TASK OBJECTIVE:
Please return every record exactly, with no pictures included.

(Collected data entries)
+ + + +

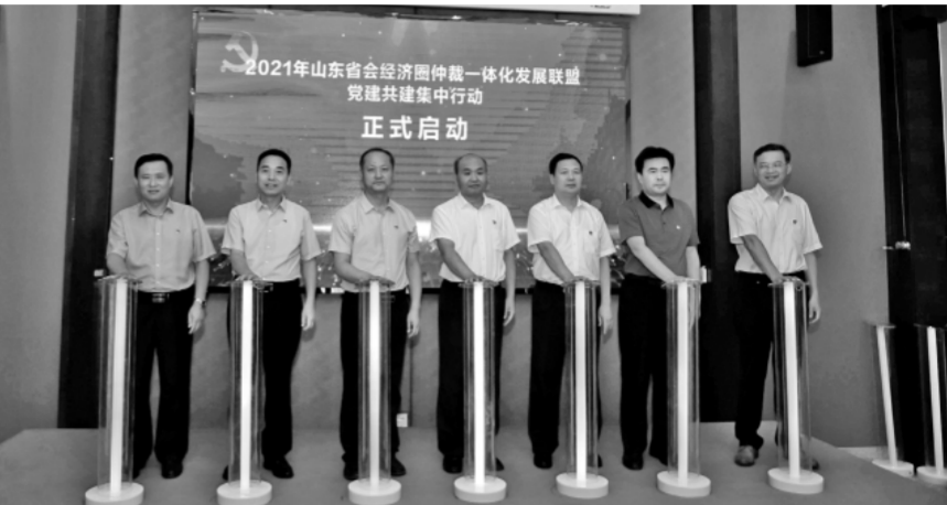
▲ 2021年6月25日,仲裁联盟举办党建共建集中行动,主会场设在聊城。图为联盟机构有关负责人在主会场共同启动党建共建集中行动。
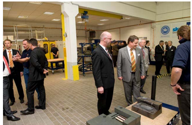
Blick in das neue Technikum

Dass das Thema Nachhaltigkeit auch innerhalb der ASK umgesetzt wird, kann man auch daran erkennen, dass im neuen Technikum der Umweltschutz eine große Rolle spielt: Es ist mit modernsten Entstaubungs- und Wäschersystemen ausgestattet. ASK Chemicals hat in das Gießerei-Technikum 1,5 Millionen Euro investiert, damit den Forschungsstandort Hilden gestärkt und neue Arbeitsplätze geschaffen. Das Unternehmen beschäftigt in Hilden und Wülfrath 159 Mitarbeiter und 13 Auszubildende.
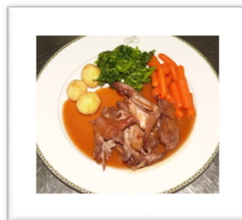
Cabrito assado no forno 2ª feira, 22 de Abril
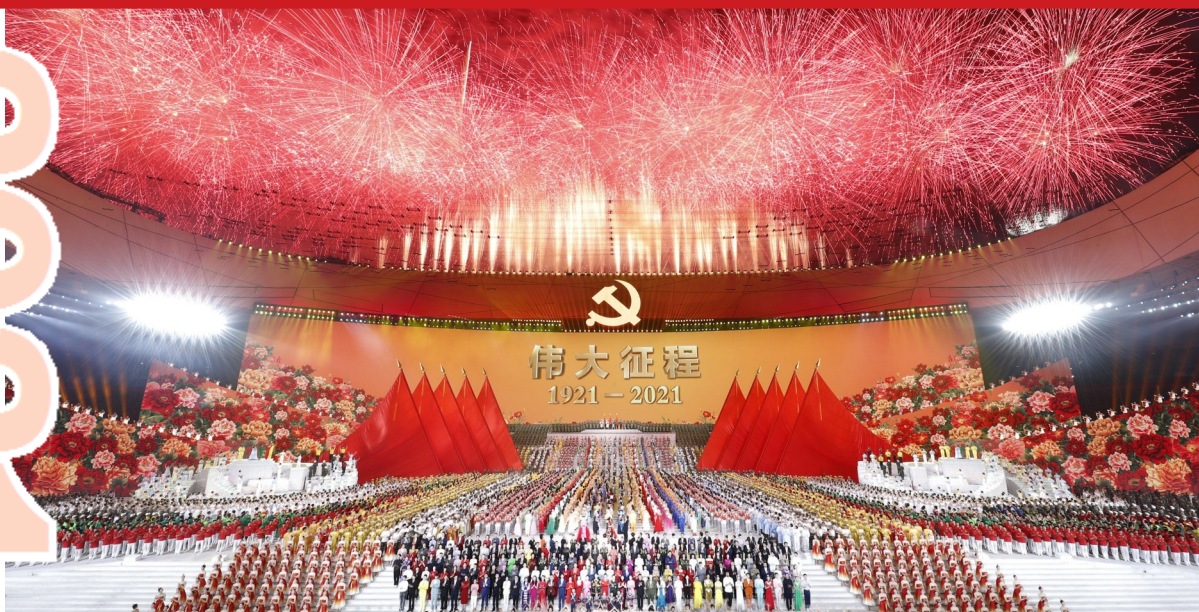
《伟大征程》演出现场。
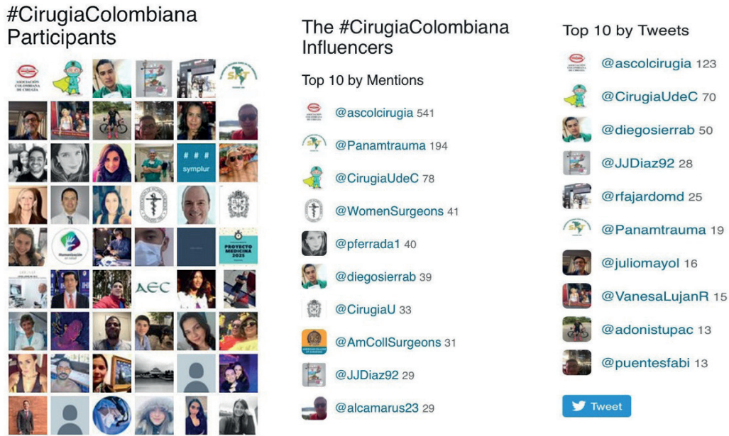
Figura 2. Ranking por categoría según participantes, menciones y número de tuits

Esta etiqueta también permitió la interacción entre los grupos quirúrgicos de diferentes regiones de Colombia, la participación de sus residentes en competencias fotográficas y la difusión de galardones y concursos. Al respecto, es interesante anotar que se ha descrito cómo la canalización de contenidos a través de una etiqueta común permite la interacción asincrónica de todos los participantes o interesados, rompiendo las barreras de comunicación entre los mismos 5 .
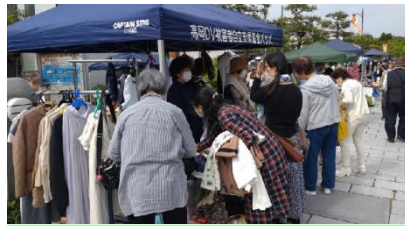
2023.5.1 八丁道 おもしろ市

センター相談員を通じて生活に困窮しているDV被害者に、支援金の無利子貸付や無償提供、その他生活必需品の提供や家事支援などを行っています。年2回、有志の皆様と共にフリーマーケットにも参加し、活動の輪を広げています。皆様のご賛同、ご支援をお願いします。

+ + + +

OUTPUT FOR THIS TASK:
▲ 2021年6月25日,仲裁联盟举办党建共建集中行动,主会场设在聊城。图为联盟机构有关负责人在主会场共同启动党建共建集中行动。
Blick in das neue Technikum

Dass das Thema Nachhaltigkeit auch innerhalb der ASK umgesetzt wird, kann man auch daran erkennen, dass im neuen Technikum der Umweltschutz eine große Rolle spielt: Es ist mit modernsten Entstaubungs- und Wäschersystemen ausgestattet. ASK Chemicals hat in das Gießerei-Technikum 1,5 Millionen Euro investiert, damit den Forschungsstandort Hilden gestärkt und neue Arbeitsplätze geschaffen. Das Unternehmen beschäftigt in Hilden und Wülfrath 159 Mitarbeiter und 13 Auszubildende.
Cabrito assado no forno 2ª feira, 22 de Abril
《伟大征程》演出现场。
Figura 2. Ranking por categoría según participantes, menciones y número de tuits

Esta etiqueta también permitió la interacción entre los grupos quirúrgicos de diferentes regiones de Colombia, la participación de sus residentes en competencias fotográficas y la difusión de galardones y concursos. Al respecto, es interesante anotar que se ha descrito cómo la canalización de contenidos a través de una etiqueta común permite la interacción asincrónica de todos los participantes o interesados, rompiendo las barreras de comunicación entre los mismos 5 .
2023.5.1 八丁道 おもしろ市

センター相談員を通じて生活に困窮しているDV被害者に、支援金の無利子貸付や無償提供、その他生活必需品の提供や家事支援などを行っています。年2回、有志の皆様と共にフリーマーケットにも参加し、活動の輪を広げています。皆様のご賛同、ご支援をお願いします。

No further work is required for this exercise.